Hattie Kauffman spent years in the public eye. As an Emmy Award winning journalist and newscaster, she was invited into our living room on a regular basis. To many, she is best known as the first Native American to file a news report on a national evening broadcast. But all of that is incidental to Kauffman’s book, Falling into Place: A Memoir of Overcoming, which above all things, tells a familiar but exceptional story of prevailing over circumstance.

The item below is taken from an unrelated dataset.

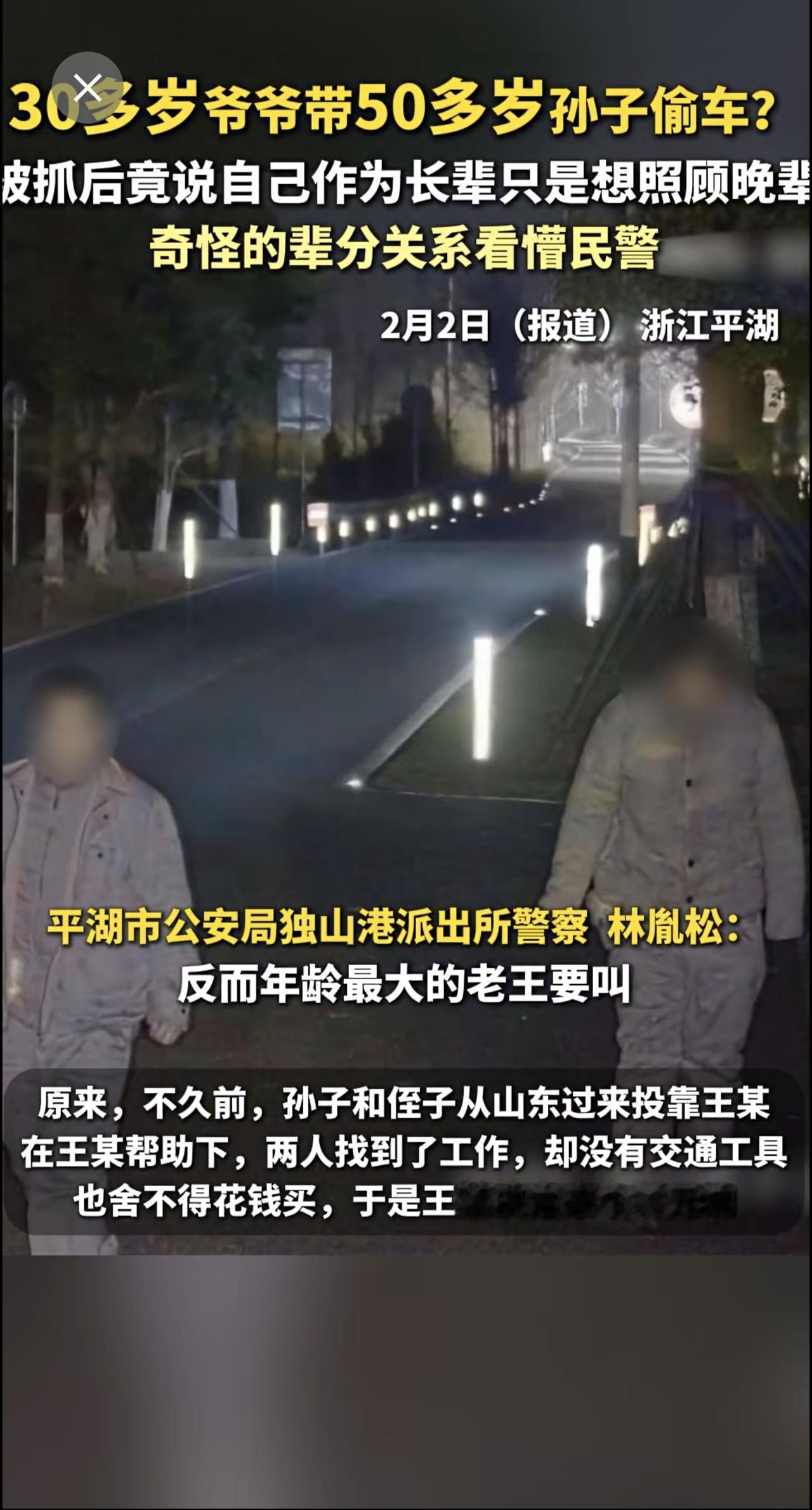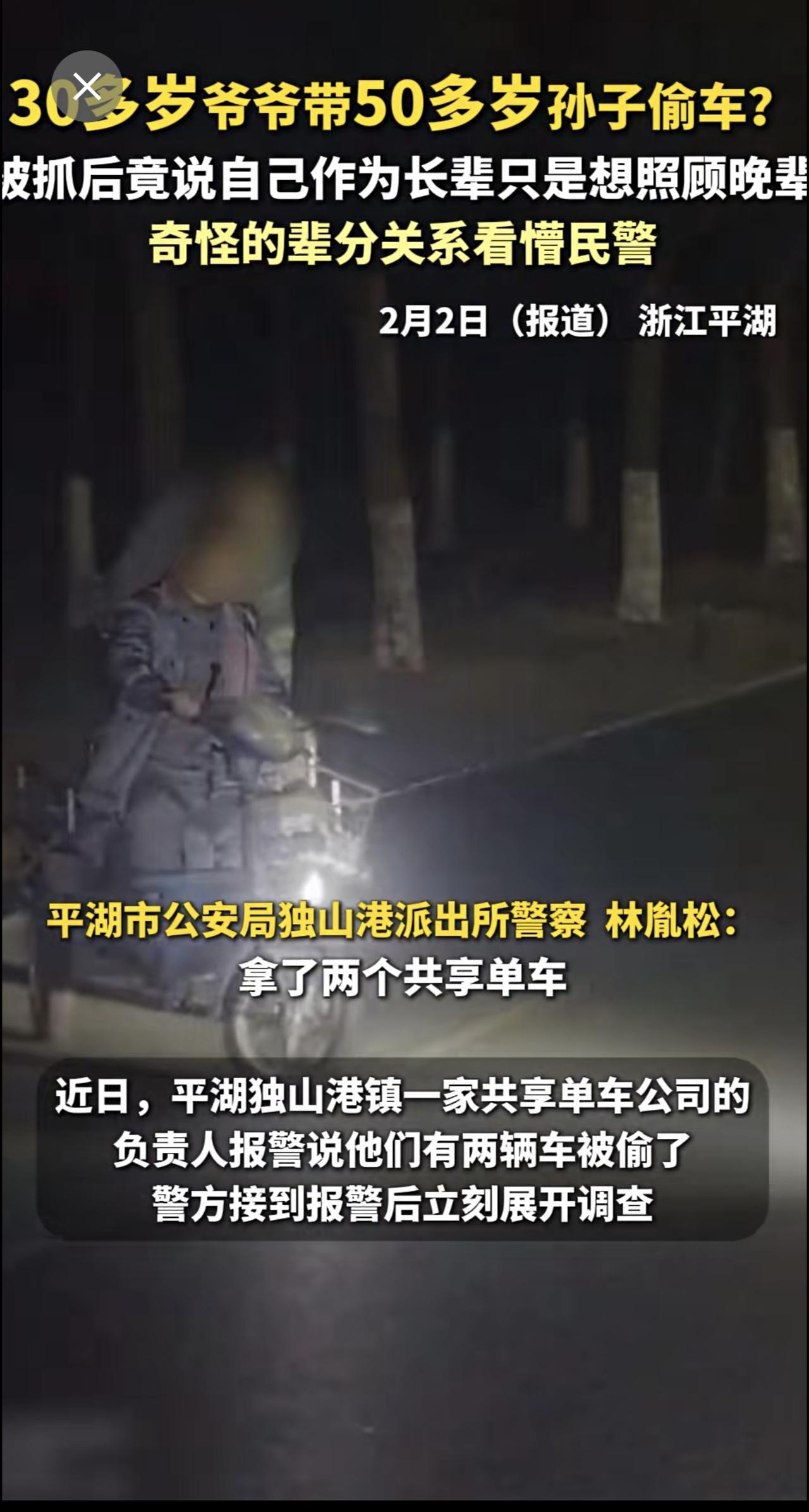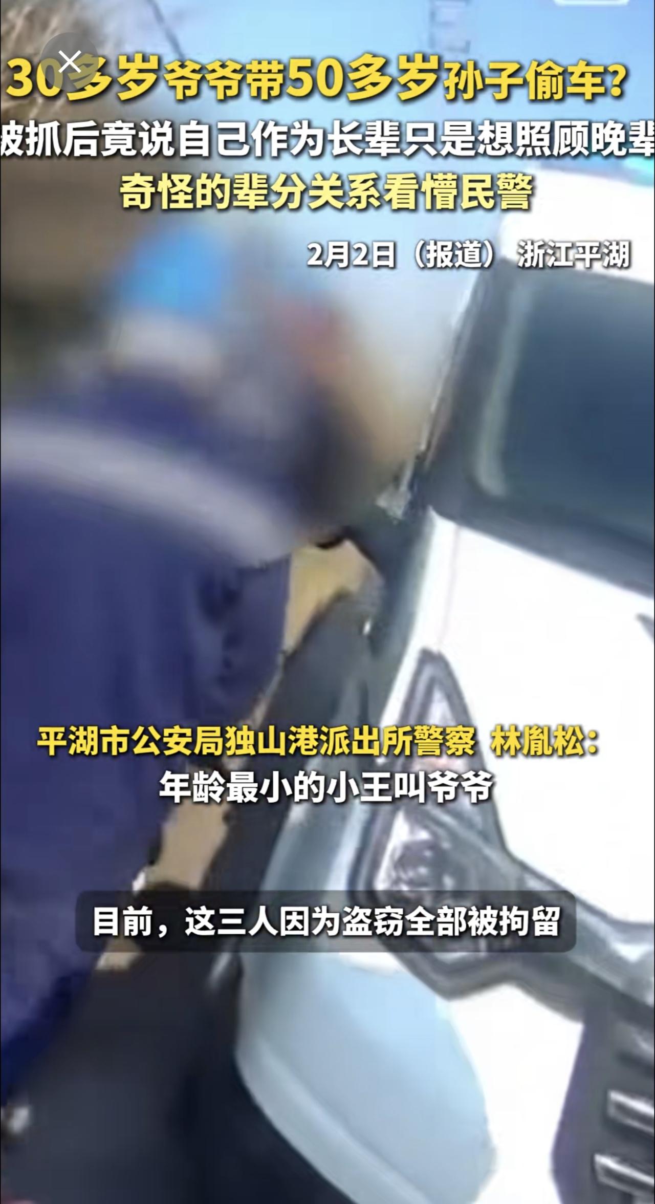 30多岁爷爷带50多岁孙子偷车?被抓后竟说自己作为长辈只是想照顾晚辈,奇怪的辈分关系看懵民警[捂脸]

Kauffman’s story begins with the sudden crumbling of her 17-year marriage. And on this note, it is tempting to assume that the focus will be on the challenges of divorce. But then Falling takes a sharp left-hand turn and, through a series of well-placed episodes, takes the reader back to her childhood, growing up in the Pacific Northwest. Kauffman recounts the time – split between the Nez Perce reservation and Seattle, WA – as she and her siblings struggle to survive in the absence of her alcoholic parents. These passages are gripping and extraordinary.
It is notable that, considering her experience, Kauffman does not take this opportunity to launch a pity party or to take a self-righteous stand. Instead, her tone is gentle, matter-of-fact, and gracious. She is generous both to her family and to her youthful self. It’s a refreshing approach that allows the reader to make their own decisions about the motivations and character of the individuals encountered.
There are only a couple of minor criticisms. First, there are a few people in her story – who one could argue are pivotal to her journey – that are treated as almost incidental, like shadows in the background. Also, the initial momentum that compels us to keep turning pages fizzles a bit in the latter half. The narrative becomes meandering before refocusing for the conclusion. Neither of these comments is significant.
There may be some who pick up Falling Into Place looking for a story of glorious retribution or day of reckoning – people who have experienced a hurt similar to Kauffman’s divorce and want to experience some catharsis. Without giving away the conclusion, these folks may come away frustrated. As the title suggests, Kauffman’s story is about overcoming, and she ties up her memoir in a most appropriate manner – even if, for some, it lacks bite.
Regardless, by the time you turn the final page of her memoir, Hattie Kauffman has become a dear friend – like a member of your own small group that meets on Wednesday nights. You’ve shared in her story, celebrated in her ability to overcome, and are inspired by both her courage and her willingness to submit to God’s will even if it is not her own. Falling Into Place is a beautifully written, stirring work and should be on your list to pick up for your next visit to the book store.